Football. It wasn't enough that our game wasn't on national TV like it normally is/should be, or that we had to play the "brunch game" at 11:30 (How can you be expected to get a respectable amount of tailgating accomplished before kick-off?). But then our defense and special teams had to just lay on the field like roadkill. Grrrr... At church on Sunday one of my favorite people (Ned) and I had a heart-to-heart about the state of Volunteer football ('cause that's what you talk about in church on Sunday in the South) and he articulated perfectly what my subconscious has known for a while:
Good-hearted, honest, loyal, kind, supportive people don't always make the best coaches.

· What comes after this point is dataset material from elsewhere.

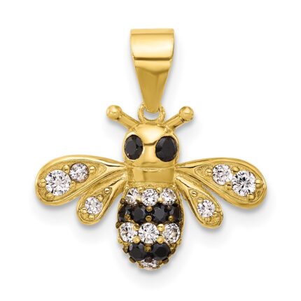 14K Polished Fancy Heart and Bee Honeycomb Charm

It breaks my big orange heart, but it's true. I LOVE Phil Fulmer. There's no better example of a Tennessee Volunteer. He LOVES our state, our school, our team and each and every one of those players and coaches like they're his brothers and his kids. But lately it seems that love and devotion have become blinders, and promoting too much from within, being too slack with young guys who need more discipline, and sticking too much with tradition instead of trying new things on the field, have started to take it's toll. To every yin there's a yang and we seem to have reached the yang portion of the program. I'm not saying that we need to fire Phil and hire some vile, disgusting, obnoxious, rude, tantrum-throwing, snake-in-the-grass just because they win football games (yeah, that's right, I'm lookin' at you, Visor Boy). But something needs to change.
As you could imagine, about 30 seconds after the clock ran down, I needed an outlet for my misery that didn't involve chocolate, martinis, pasta, heroine or expensive shoes. So my SIL and I found salvation at the next best thing...

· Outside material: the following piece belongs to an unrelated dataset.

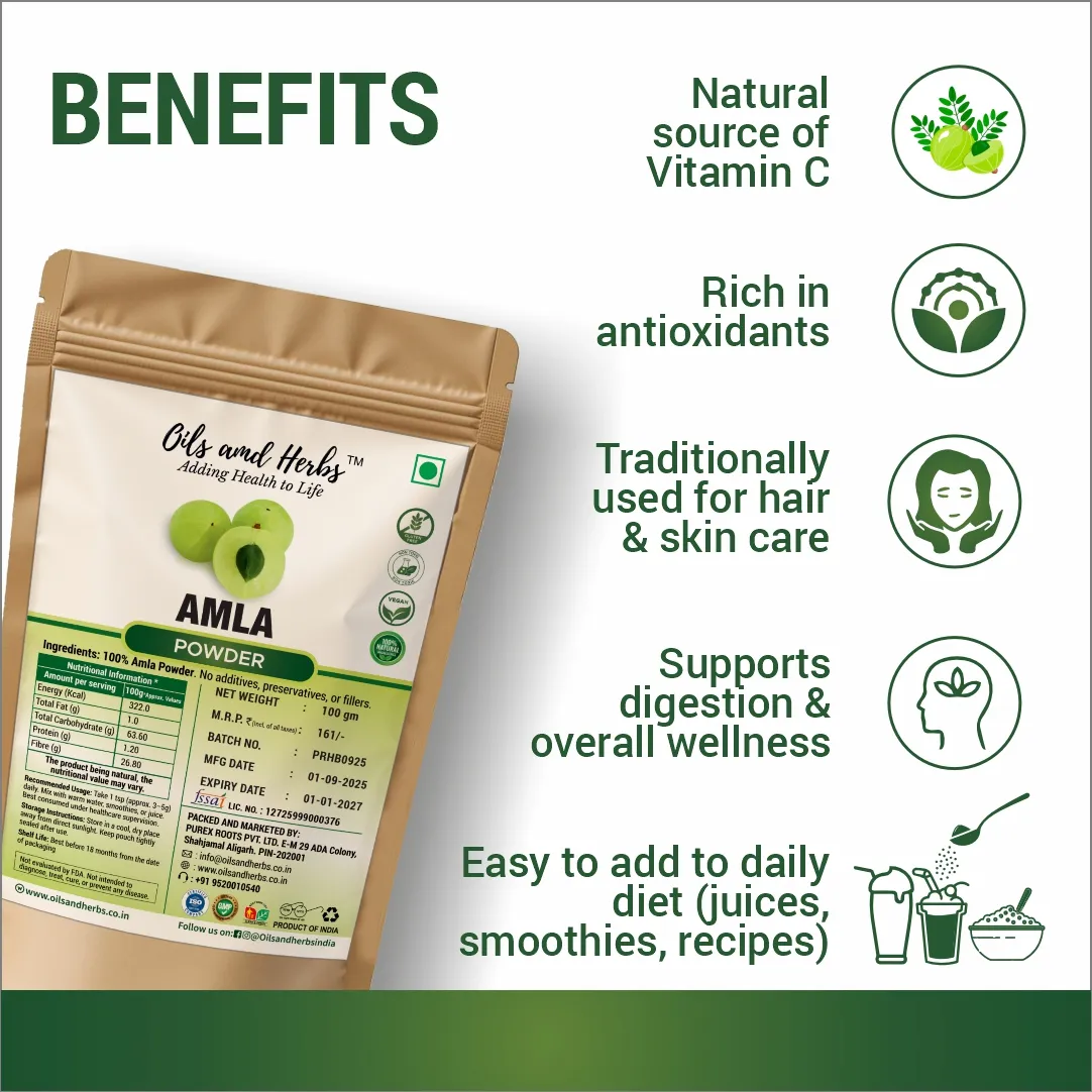Amla Powder Natural Herbal Supplement for Immunity and Hair Care

Target. Why? Because there were a lot of household items that I needed? No. Because - as all good people know - when the world is crazy and out of control and doesn't make any sense, you go where everything is clean and orderly and pretty and affordable. I've joked before that if I had all the time and money in the world I would go back to school to get a degree in film and my first student film would be a remake of Breakfast at Tiffany's titled, Diet Coke at Target.
"The only thing that does any good is to jump in a cab and go to Tiffany's. Calms me down right away. The quietness and the proud look of it; nothing very bad could happen to you there."
- Holly Golightly
- Holly Golightly
So, that's not really a revelation from this weekend, but I'm right, no? We pushed our happy little red cart around until I felt better and along the way a few happy items happened to fall in said little red cart: adorable black tweed ballet flats, a pre-treatment stain stick thingy, dog treats, cereal, a frozen pizza, yogurt, diet coke (duh) and yet another bag of...
Candy Corn. Ahhh candy corn. I don't really even like candy (all other dessert-related items, yes, but sugary candy, not so much). Like crisp, cool air, changing leaves and college football, those cute little striped kernels are a sign of fall, my favorite season. But, alas, they are not without a dark side. I was snacking on candy corn Sunday evening while organizing kitchen cabinets and with every bite I slowly started to feel that sense of dread. You could almost hear the screeching of the violins from Psycho tuning up in the background... that impending anxiety... THE HOLIDAYS. And like candy corn, I love the holidays, but they too have a dark side. There's so many things to stress about - money, travel, shopping, decorating, entertaining, family drama, AND ESPECIALLY food. And that's when it hit me -
It all starts with the damn candy corn.
Those tiny little innocuous bits of sugary autumn goodness are fine, but all they do is give you the courage to move on to the seemingly innocuous, but actually evil, little individually wrapped trick-or-treat candy bars. And that leads to:
Thanksgiving and stuffing and casseroles and pumpkin pie and apple cobbler because what? They're FRUIT! And VEGETABLES! What's the big deal? Look - you can even see their pictures on the food pyramid. How bad could they be?!? So now you're emboldened and ready for:
Christmas. You've already been so good only eating tiny candy bars and fruits and vegetables that you eat the cookies and cake and other things you couldn't otherwise justify. Besides, if all else fails, you just have to ask,"WWJD"?!? Because I tell you what he would do - it's his birthday! He'd eat the cake. And before the sugar high can wear off, there's:
New Year's Eve. Otherwise Dick Clark would have been out of a job a long time ago because everyone would be too depressed to leave the house. But we're not done yet. You can't have sugary without salty, so to cap off the holiday season, God gives us the first of two National Observances of Salt:
New Year's Day College Football Bowl Games (and then later the Super Bowl). Chips and dip and laying on the couch, taking the stress of the last few weeks out on referees and the teams that are keeping your team down in the BCS poll. Good times.
Is there a Halloween Candy Wing at Betty Ford?